Ketua Perhimpunan Alergi Imunologi Indoensia Iris Rengganis menambahkan, sekalipun vaksinasi telah dilakukan, masyarakat tetap harus menaati protokol kesehatan dengan 3M (memakai masker, mencuci tangan, dan menjaga jarak). Upaya pengendalian dengan 3T (tracing, testing, dan treatmen) juga tetap dijalankan dengan masif.
“Jangan tejadi miss komunikasi kenapa setelah vaksin pertama diberikan tetap bisa tertular. Itu karena vaksin ini baru bisa optimal membentuk antibodi jika sudah diberikan sampai dua kali suntikan diberikan. Jadi selama dua minggu pemberian dilakukan, kita harus tetap melaksanakan 3M dan 3T,” tutunya.
Fatwa MUI
Ketua Majelis Ulama Indonesia (MUI) Bidang Fatwa KH Asrorun Ni’am Sholeh menyatakan, Fatwa MUI terkait dengan penggunaan vaksin Covid-19 produksi Sinovac dan PT Bio Farma sudah dituntaskan. Itu telah dinyatakan dalam Fatwa MUI Nomor 2 Tahun 2021 tentang Produk Vaksin Covid-19 dari Sinovac Life Sciences China dan PT Bio Farrma. Hal ini seiring dengan persetujuan EUA yang diberikan oleh Badan POM.

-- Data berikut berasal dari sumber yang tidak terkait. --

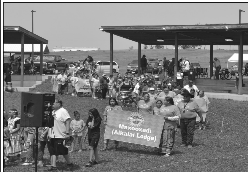
Maxooxadi Alkalai Lodge members carrying in their banner and wearing their turquoise t-shirts.
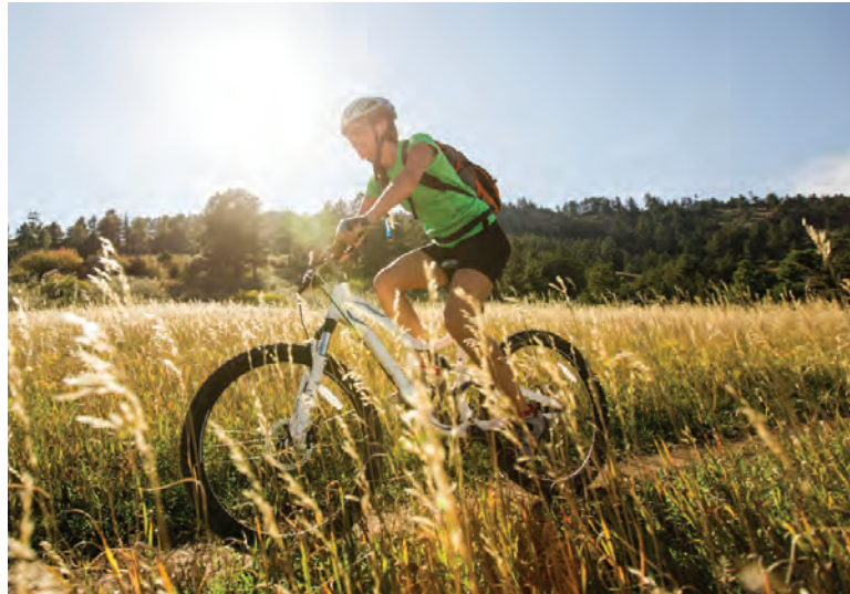
MULTI-USE TRAIL LINK & NATURAL PRAIRIE
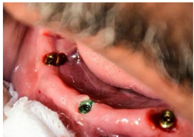
Figure 2: Three implants in the receptor sites.

Three implants of 3.8 mm diameter, 12 mm length (Biohorizons Tapered Implant) were surgically installed in the midline and 1st premolar areas using flapless surgical approach. Relining was carried out for the denture with a tissue conditioner material (Ufogel; Voco, Cuxhaven, Germany) (Figure 2).
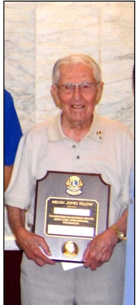
Seventy Year Lion
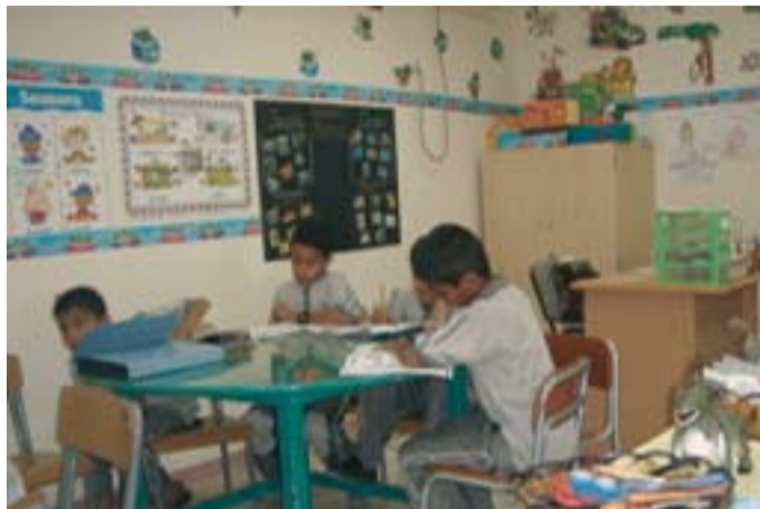
Children attend DWC summer school.
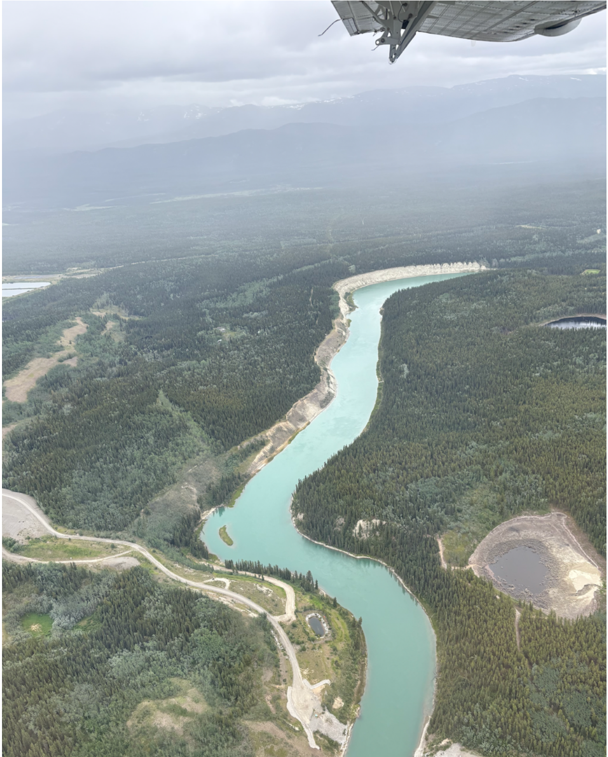
Yukon River looking pretty through Whitehorse.
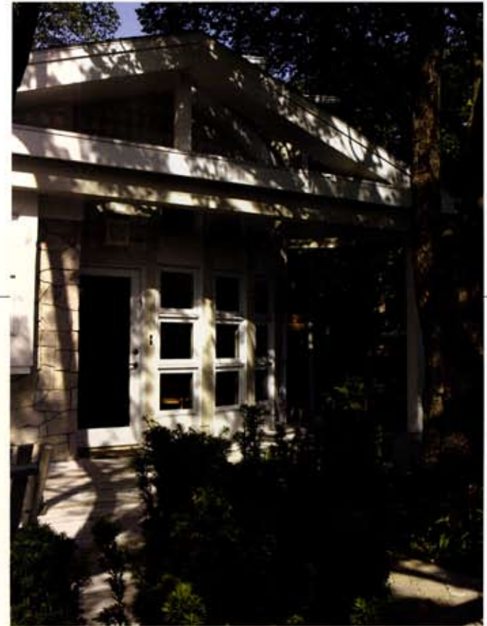
ABOVE: The use of geometric forms to create positive and negative space adds drama to the façade.

Other abstract academic exercises dealing with challenges totally unrelated to architecture, but with the need for meaningful solutions, underscored the foundation for his philosophy that architecture is the result of profound thought, intense research,

“Menetapkan fatwa ketentuan hukumnya, vaksin Covid-19 produksi Sinovac Life Sciences China dan PT Bio Farma hukumnya suci dan halal. Yang kedua, vaksin Covid-19 produksi Sinovac Life Sciences China dan PT Bio Farma boleh digunakan untuk umat islam sepanjang terjamin keamannya menurut ahli yang kredibel dan kompeten, daam hal ini adalah Badan POM,” katanya.
Secara terpisah, Direktur Pencegahan dan Pengendalian Penyakit Menular Langsung yang juga juru bicara vaksinasi dari Kementerian Kesehatan, Siti Nadia Tarmizi menuturkan, setelah EUA diberikan oleh Badan POM, vaksinasi dipastikan bisa dilakukan ke masyarakat. Ini termasuk untuk produksi dan distribusi vaskin dari PT Bio Farma.
"Kick off (vaksinasi)nya akan dilakukan pada 13 Januari 2021 dengan Presiden sebagai penerima pertama," ucapnya.